This tank is my CRS / cherry tank; it is very low tech, except for the chiller set at 26.5c. The plants are nana petit and moss, narrow java fern with lots of sand. Lighting is mainly natural lighting; PH 6.0, so nothing special. Probably the only thing different with this tank is that I drink more beer in front of it than I should

----------


## Puffer

That't a nice long tank! - I noted that the ph is on the low end and temperature also quite low. Thanks for sharing!

----------


## beetroot

Hi Rupert

Did you "monitor" to see if the fry survived? I assume you left it in the tank?

I just spotted one small fry in my little tank, hehe! Must be pure luck. I have 9 boraras briggitae. Just like yours, I don't see any other fry. I think I'll just leave it there and hope it grows up... not sure what to do.

----------


## beetroot

Hi All...

After my post above in July'09, i only saw the fry for 4 days  :Sad: , and i stopped seeing it thereafter... presumed dead.
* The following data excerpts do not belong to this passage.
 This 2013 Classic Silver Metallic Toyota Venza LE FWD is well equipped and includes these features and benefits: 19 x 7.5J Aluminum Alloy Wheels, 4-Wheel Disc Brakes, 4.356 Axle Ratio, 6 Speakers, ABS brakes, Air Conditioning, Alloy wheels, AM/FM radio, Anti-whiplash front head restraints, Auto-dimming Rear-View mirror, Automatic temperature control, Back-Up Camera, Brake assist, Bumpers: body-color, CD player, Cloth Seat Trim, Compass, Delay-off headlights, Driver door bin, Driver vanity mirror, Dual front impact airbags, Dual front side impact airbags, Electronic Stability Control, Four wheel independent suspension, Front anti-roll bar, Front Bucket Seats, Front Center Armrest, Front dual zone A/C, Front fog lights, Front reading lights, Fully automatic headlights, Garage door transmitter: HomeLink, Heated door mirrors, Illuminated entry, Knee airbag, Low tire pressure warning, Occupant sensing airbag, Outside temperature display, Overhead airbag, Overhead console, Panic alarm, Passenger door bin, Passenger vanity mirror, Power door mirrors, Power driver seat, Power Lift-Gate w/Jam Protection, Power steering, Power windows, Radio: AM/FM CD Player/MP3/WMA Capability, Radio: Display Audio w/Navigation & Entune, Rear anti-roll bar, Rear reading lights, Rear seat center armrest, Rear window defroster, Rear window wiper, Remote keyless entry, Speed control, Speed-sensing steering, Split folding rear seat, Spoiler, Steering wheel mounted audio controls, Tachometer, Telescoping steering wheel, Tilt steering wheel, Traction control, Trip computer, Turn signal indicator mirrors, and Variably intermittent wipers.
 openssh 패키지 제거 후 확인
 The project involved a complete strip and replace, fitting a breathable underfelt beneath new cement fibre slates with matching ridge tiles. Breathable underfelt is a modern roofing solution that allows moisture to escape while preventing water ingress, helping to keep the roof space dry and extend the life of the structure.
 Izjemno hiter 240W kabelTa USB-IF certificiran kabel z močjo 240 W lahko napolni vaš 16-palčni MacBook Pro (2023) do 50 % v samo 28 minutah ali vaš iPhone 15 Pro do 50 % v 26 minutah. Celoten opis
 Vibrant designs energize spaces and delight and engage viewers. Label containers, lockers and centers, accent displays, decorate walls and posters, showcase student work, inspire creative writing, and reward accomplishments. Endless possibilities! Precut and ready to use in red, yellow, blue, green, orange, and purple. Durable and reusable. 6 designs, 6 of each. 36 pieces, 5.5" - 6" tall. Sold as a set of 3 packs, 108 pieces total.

But... I just spotted another lone fry today  :Grin:  about half a cm long. Now i'm not sure how to make it survive till adulthood. Sigh.... it will be very sad if i only see it for a few days like before. Does it need frequent feeding?

----------


## wong1979

Anyone knows where to get them and how much per fish? Thanx!

----------


## chiller

I had 5 Boraras brigittae, and now I have 6 adults, one teenager and one baby kid. They are living in a shrimp tank, so I wonder what these babies feed on.

----------


## Fuzzy

> Anyone knows where to get them and how much per fish? Thanx!
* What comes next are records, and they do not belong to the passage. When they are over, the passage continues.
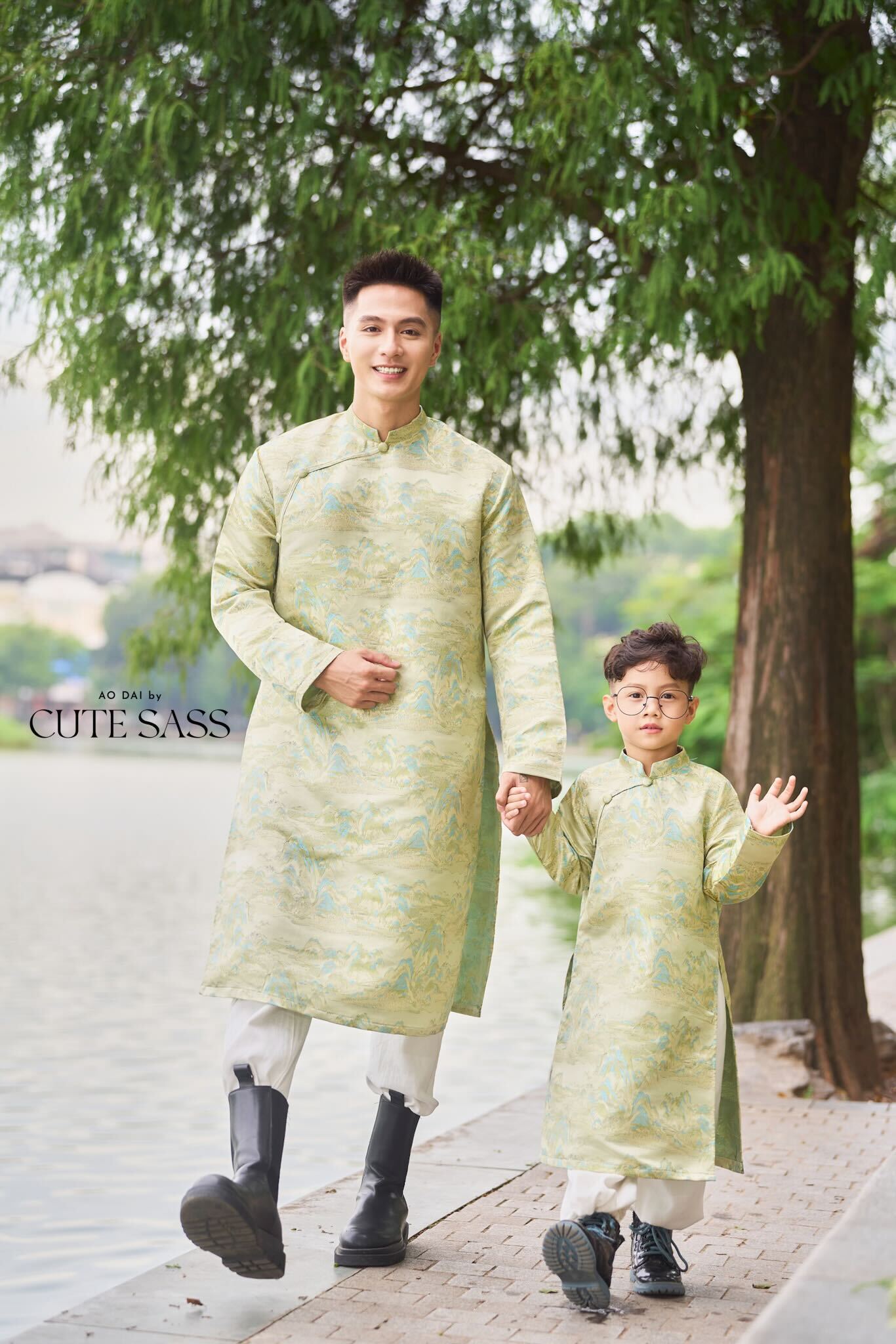 Men and Boy Light Green Mountain Matching Ao Dai 19D
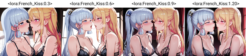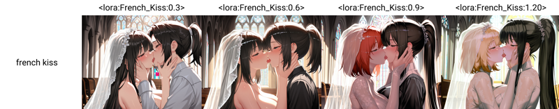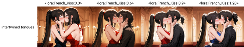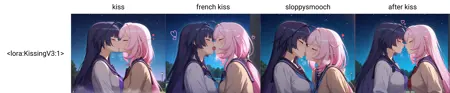 Concept LoRA that manipulates image output for kissing actions. Reference the sample pictures in the showcase for examples of how the output changes.
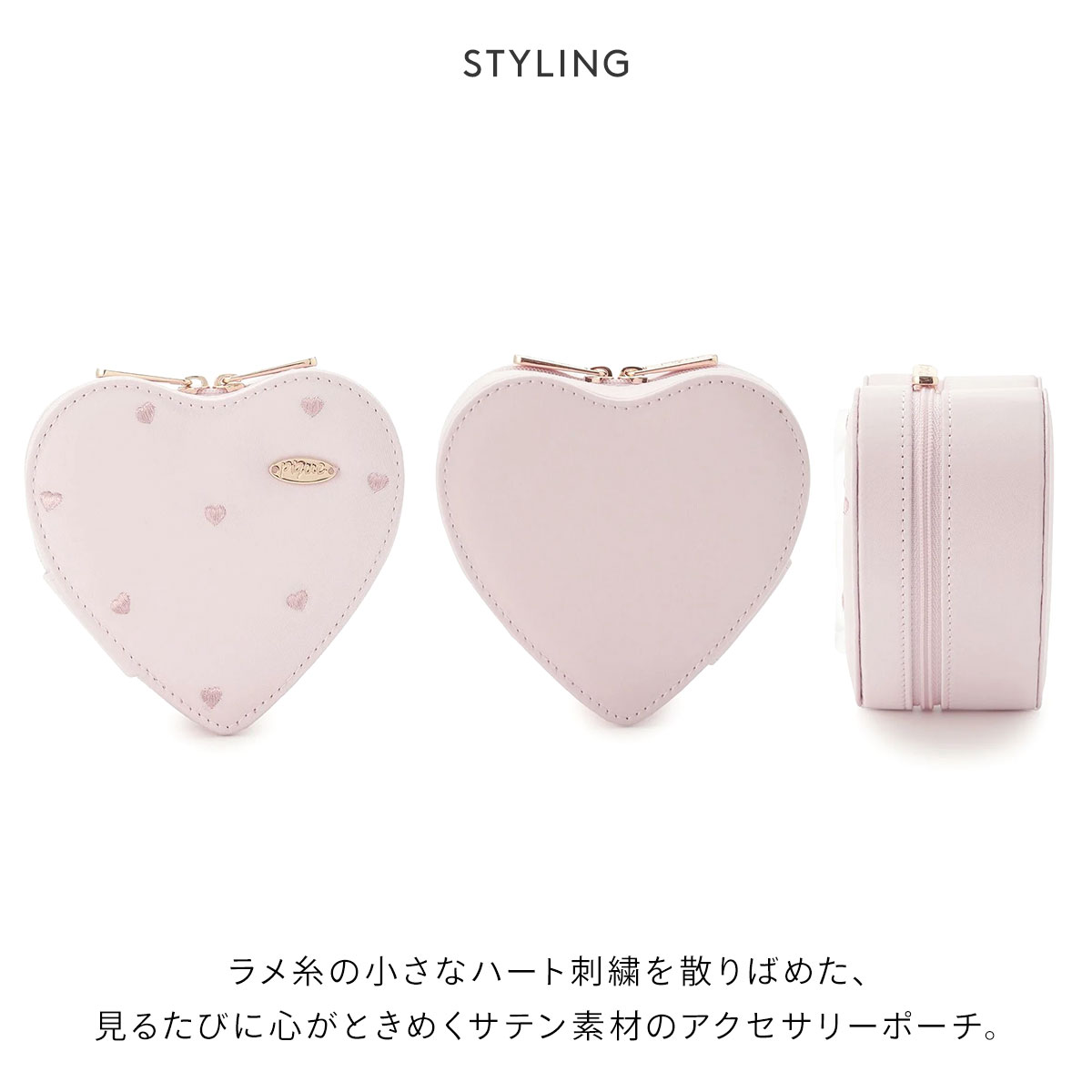 ジェラートピケ★ラメハート刺繍に心ときめくアクセサリーポーチ

I got mine from Colourful Aquarium in Balestier, they are not too expensive, if I recall correctly around a red note or less for a bag of 10.

I've not managed to breed mine successfully, but I only have 6 remaining from the original 10 I have in a densely planted 2ft CRS tank (I keep it around 25C - 26C)
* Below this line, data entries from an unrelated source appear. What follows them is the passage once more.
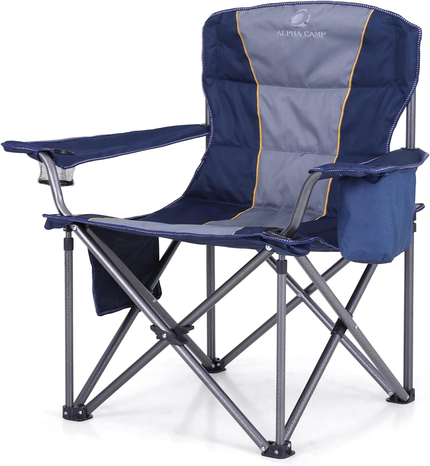 ALPHA CAMP Oversized Camping Folding Chair Heavy Duty with Cooler Bag Support 450 LBS Steel Frame Collapsible Padded Arm Quad Lumbar Back Chair Portable for Lawn Outdoor,Blue
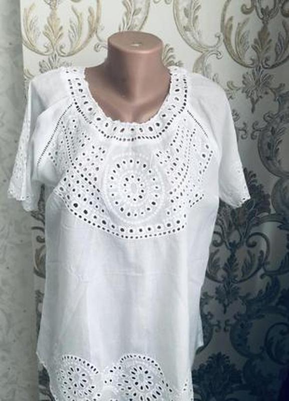 Красивейшая блуза Размер М Длина 70 см Пог 50 см Рукав 27 Состав: 100% хлопок Доставка: Предоплата на карту, возврата, обмена нет
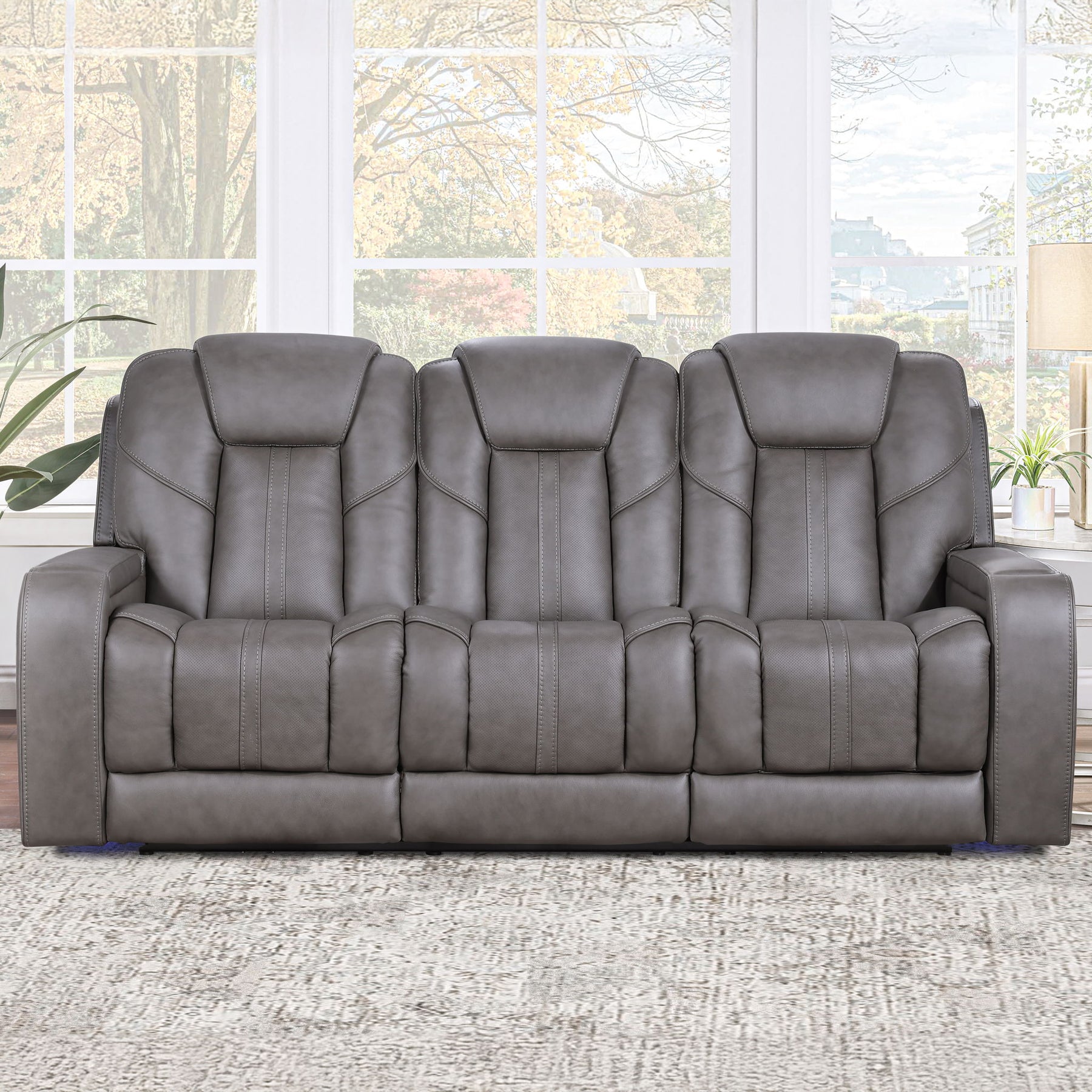 Daniel - Triple Power Leather Theater Sofa - Gray
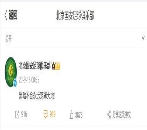 2020赛季,中超第11轮赛后,国安最后时刻3-3被华夏逼平,国安方面表示,针对比赛中出现的争议判罚,俱乐部已经决定上诉。国安官微当时发布的文字,就是争议性十足的“黑暗不会永远笼罩大地”。
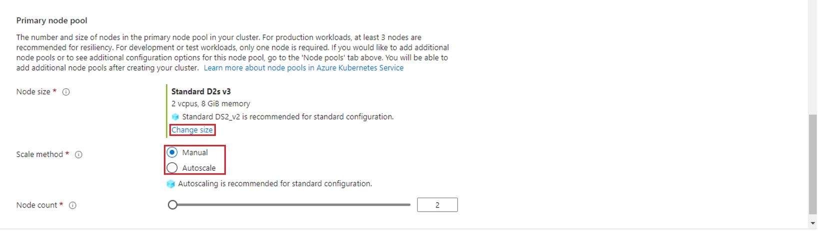 Select the primary node pool’s Node Size, and Scale Method as described below.
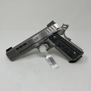 Kimber 1911 Rapide DAWN - Full-Size 9MM - Stainless Steel Match Grade Barrel and Barrel Bushing A truly unique 1911 with stepped cocking serrations, slide lightening cuts for faster lock time and TiN coated barrel for extreme durability. Equipped with Kimber Stiplex TM front strap stippling and the new Gray/ Black G10 WavZ TM grips for extra gripping confidence. Kimpro Silver finish with brush polished flats complete the stunning looks. 9-round SST magazine. Tru-Glo Pro Day Night w/Orange ring front. Stainless steel frame and slide. V-cut aluminum trigger set at 4-5 lbs at the factory.$1,733.00Original price was: $1,733.00.$1,499.00Current price is: $1,499.00. -
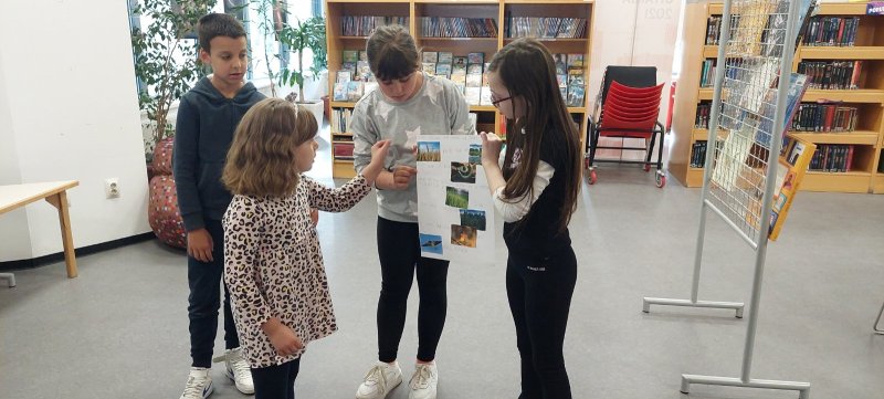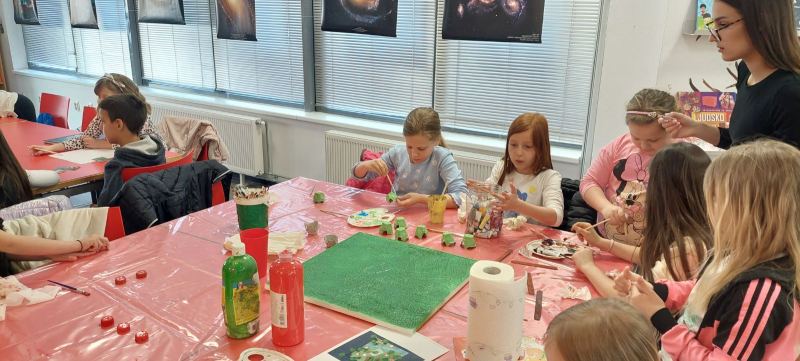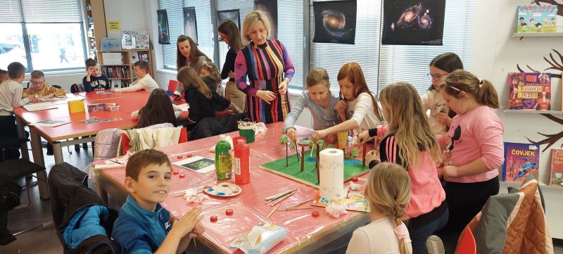 Obilježavanje Noći knjige na Odjelu za djecu i mlade počelo je prespavancem, a nastavljeno je u ponedjeljak dnevnim aktivnostima. Tako je u sklopu obilježavanja spomenute manifestacije, Dana planeta Zemlje i 150. godišnjice od rođenja Ivane Brlić-Mažuranić održana radionica naziva Priče iz davnine za zeleniji svijet danas. Uz malene korisnike knjižnice, na radionici su sudjelovali učenici 2. razreda Osnovne škole Vladimir Nazor Virovitica koji su došli u pratnji učiteljice Marine Predragović. Nakon uvodnog razgovora o važnosti knjige i čitanja, očuvanja planeta Zemlje i razgovora o životu i djelu Ivane Brlić-Mažuranić, uslijedio je praktični dio koji je bio vezan uz motive prirode i ekologije u Pričama iz davnina. Mališani su bili podijeljeni u dvije skupine. Jedna skupina tražila je motive prirode u pričama Sunce djever i Neva Nevičica te Šuma Striborova. Te iste motive potom su trebali prepoznati na prethodno pripremljenim sličicama od kojih su kreirali svoje vlastite slikopriče s temom očuvanja prirode i okoliša. Druga skupina reciklirala je materijale od plastike i kartona te kreirala vlastitu Šumu Striborovu, pa su tako za krošnje u šumi iskorištene stare kartonske kutije za jaja; od starih čepova su nastale šumske gljive, od stiropora podloga za šumu, itd. Na kraju smo svi skupa zaključili da su i čitanje i recikliranje jednako važni jer nas čine boljim ljudima.

Very cute little fish, I have had them for over 6 mths and have been feeding them with Sera Mikropan Stage 2 - Mini flake food. They need a very fine fish food, so you will have to crush coarser flake/pellet.

I've seen them taking a whack (very rarely) at some of my CRS and Malayan shrimplets, but their mouths are too small to do any damage or to eat them.

----------


## beetroot

wow, chiller! lucky you  :Smile: . 
unfortunately, i'm unable to spot the lone fry anymore  :Crying: . sigh... failed  :Sad: . wonder if i should have removed it in the first place.

----------


## Fuzzy

I am thinking of getting 10 more to put into the tank, they're really cheerful little fish, I'll probably give colourful a call tomorrow see if he has stock.

Evil thread, make me spend more money.

Edit: Found some at C328. Around 2 red notes for a bag of 30!

----------


## chiller

> wow, chiller! lucky you . 
> unfortunately, i'm unable to spot the lone fry anymore . sigh... failed . wonder if i should have removed it in the first place.


Thanks, but wasn't planning to breed them but glad they are doing fine. I housed them together with my green and cherries shrimps. The food I give them are the cheap taiwan brand guppy food. And the food is a very fine type. All doing well.

----------


## beetroot

I didn't plan to breed mine too, but was surprised to see one or two fries. I feed mine Sera Vipagran Baby, also small fine food. They are now fat! Keep mine with Sakura shrimps and galaxy. Now i seriously think it is the galaxy that gobbled it up, even though initially I saw them ignoring the fry  :Sad: . My mistake.

----------